Stupid Priest who came up with this fail excuse for getting publicity, he's been playing too much Kingdom Hearts, when he reached the world "The End Of The World" in KH1 he jizzed in his pants and began to predict the actual date and came up with this.

Seriously Priesto, go kill some Paladins or Mages, rather than predicting lulz dates.

P.S. - Btw I did alot of research and came up with a conclusion, the world is ending on June 7th at Nintendos E3 Conference.


----------



## prowler (May 19, 2011)




----------



## Buleste (May 19, 2011)

Well this is just stupid. I've found another website that says it's Judgement Day on Saturday and that actual End of the World is not going to happen until 21st October 2011 and this website has real maths and everything so which bunch of whacko nutjobs are you supposed to believe?

Source


----------



## wasim (May 19, 2011)

no one can tell when the world will end
only GOD can

can't wait till december  22 2012


----------



## Deleted member 473940 (May 19, 2011)

How many times did the world end so far?
Countless times o.o
I guess we have moved on to next worlds, and yet again we are gonna be REBORN


----------



## Inazuma Eleven (May 19, 2011)

Pls dun talk bout' this... creeps me out...


----------



## obito (May 19, 2011)

actually, 2011 is apparently a lucky year, with alligning stars and shit, and dates that only happen once in a gazillion years, so live it up :L


----------



## nintendoom (May 19, 2011)

RoboticBuddy said:
			
		

> First it was 2001, then 2012, and now this Saturday?! What is this?!

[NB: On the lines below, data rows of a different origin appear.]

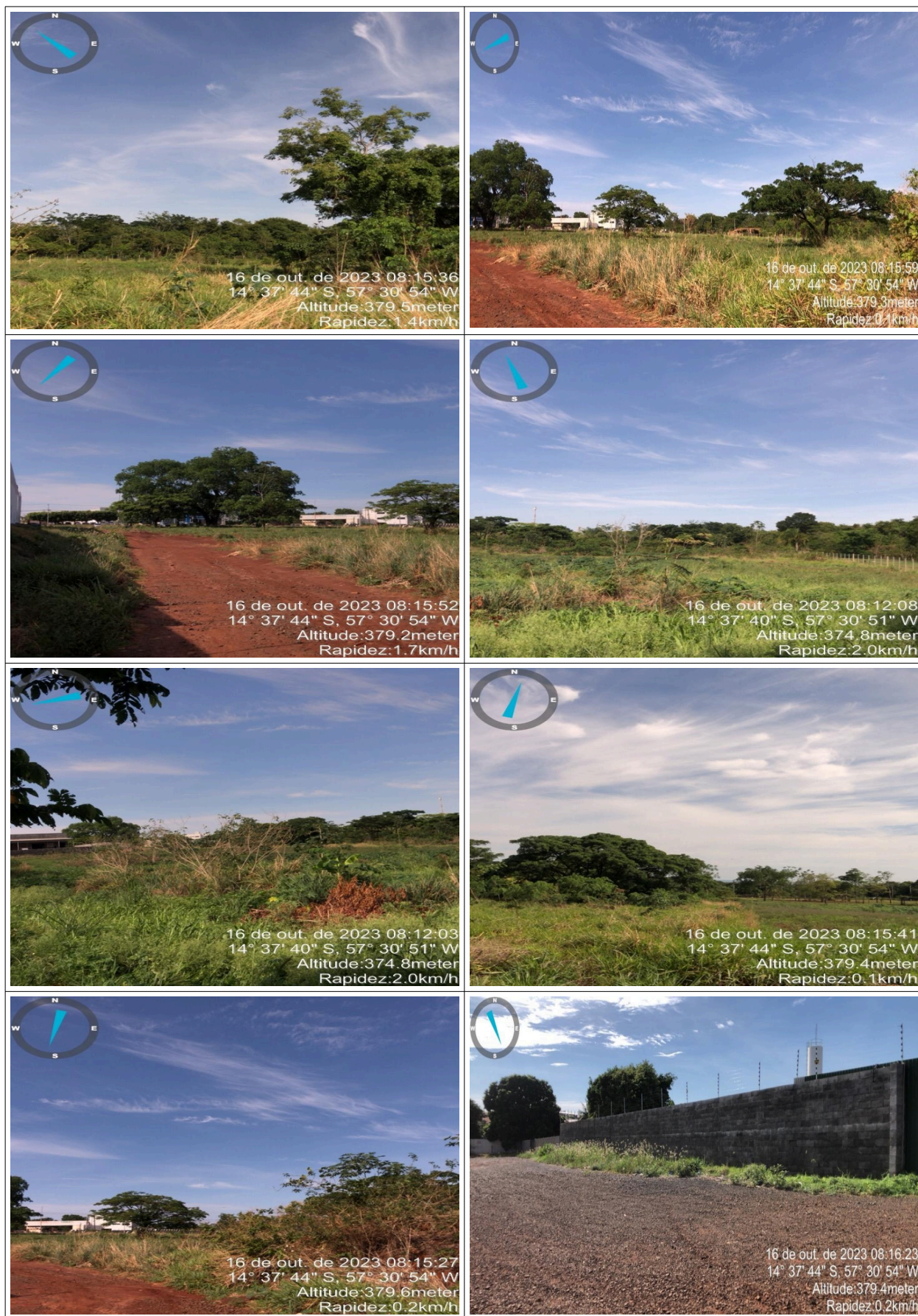
Figuras 05 a 11 - Vistas da área ocupada pelo Parque

Assinado por 2 pessoas: VANESSA FERREIRO DE ANDRADE @VANESSA.FERREIRO@TANGARADASERRA.MT e informo o código D3168-8868-6888 E-EB82 Para verificar a validade das assinaturas, acesse https://tangaradaserra.1doc.com.br/verificacao/D3168-8868-6888 E-EB82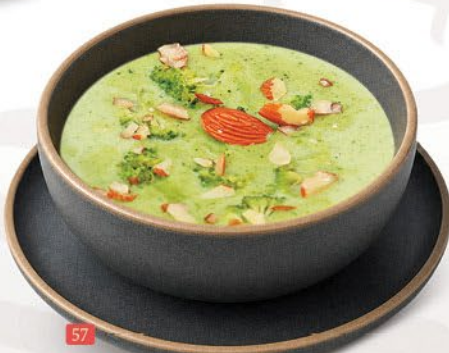
شوربة الموند بروكولي ALMOND BROCCOLI SOUP ₹ 12.00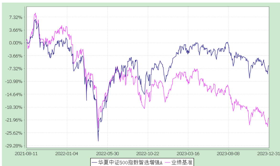
华夏中证 500 指数智选增强 C: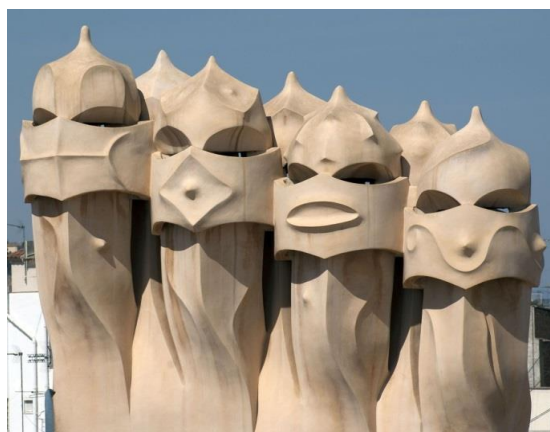
(شكل ٩) بعض فتحات التهوية العلوية والمداخن علي اسطح مبان جاودي حيث الاصرار علي تحيل البنينات المحيطة الي لوحات فنيه دون الاخلال بالجوانب الوظيفيه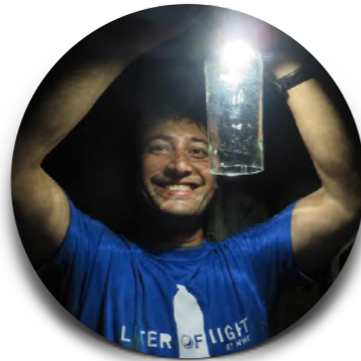
Illac Diaz Philippines

Daan Roosegaarde est un artiste, inventeur, architecte et entrepreneur qui explore la relation entre les personnes, la technologie et l'espace. Parmi ses projets les plus emblématiques : Smart Highway (routes qui se chargent de la lumière du soleil et brillent la nuit), Waterlicht (qui montre la force de l'eau) et Smog Free Project (le plus grand purificateur d'air extérieur). Daan Roosegaarde a reçu une dizaine de distinctions internationale, notamment la London Design Innovation Medal. Il compte parmi les « creative change maker » de Forbes. @DaanRoosegaarde @SRoosegaarde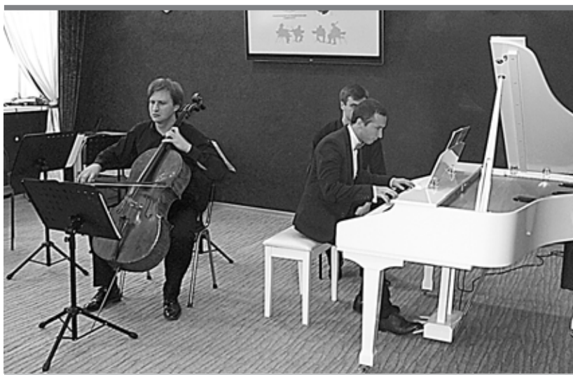
После подписания соглашения солисты оркестра MusicAeterna дали концерт для студентов, педагогов и гостей «Вышки»

пытаясь выяснить: кто же такой зритель театра, люди какой категории ходят в театр, зачем, как отзываются о спектаклях. Итоги мы передали в театр.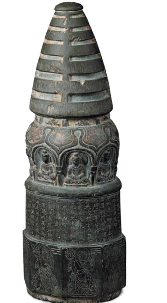
北涼石塔 / 甘肅省博物館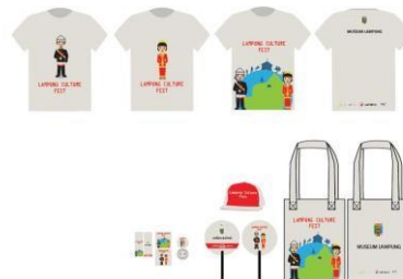
Gambar 10. Souvenir

lol, you forgot the 2008 UFO invasion!


----------



## Buleste (May 19, 2011)

TechnoWorm said:
			
		

> RoboticBuddy said:
> 
> 
> 
> ...


A UFO invasion in 17,997 years time? I think I might skip that one


----------



## nintendoom (May 19, 2011)

Buleste said:
			
		

> TechnoWorm said:
> 
> 
> 
> ...


lol, gotta fix that.


----------



## SamAsh07 (May 19, 2011)

I got a distant call from an alien life source, they said they are planning to invade Planet Earth on Saturday, coincidence? I think not.

Source


----------



## chris888222 (May 19, 2011)

I might be blasted for this, but I always believe that god will be the one who decides when the world shall end. These bible stuff though I really don't believe it.


----------



## Shinigami357 (May 19, 2011)

I franlky couldn't be bothered to give a flying %*^&... I'll just scoot back over to Shinigami world, maybe get myself a few extra millenia of extra lifetime before I go...


PS

Scratch that, I'll get a few extra EONS, and wait for the next form of intelligent life to prosper elsewhere. Us shinigami have it made.


----------



## koimayeul (May 19, 2011)

haha does it?


----------



## Raika (May 19, 2011)

I can't wait for Saturday to come. Then when the world doesn't end, life for the moronic priest would become a living hell.


----------



## The Catboy (May 19, 2011)

I blame Rebecca Black for the world ending.


----------



## stanleyopar2000 (May 19, 2011)

I would have it end like this now (if it does)

than have december 2012 roll by and have The Twisted from The 3rd Birthday end humanity XD


----------



## AlanJohn (May 19, 2011)

Yay!
I'm so glad this shit of a world is going to end this weekend!


----------



## FireGrey (May 19, 2011)

Ok so they determine it is ending on saturday because there is a bible verse saying a day is a thousand.
And that the flood was at a certain date and it had something to do with 7 days?
Hmm sounds legit


----------



## ShadowLink92 (May 19, 2011)

The world is not going to end anytime soon. I guarantee it.


----------



## Shinigami357 (May 19, 2011)

ShadowLink92 said:
			
		

> The world is not going to end anytime soon. I guarantee it.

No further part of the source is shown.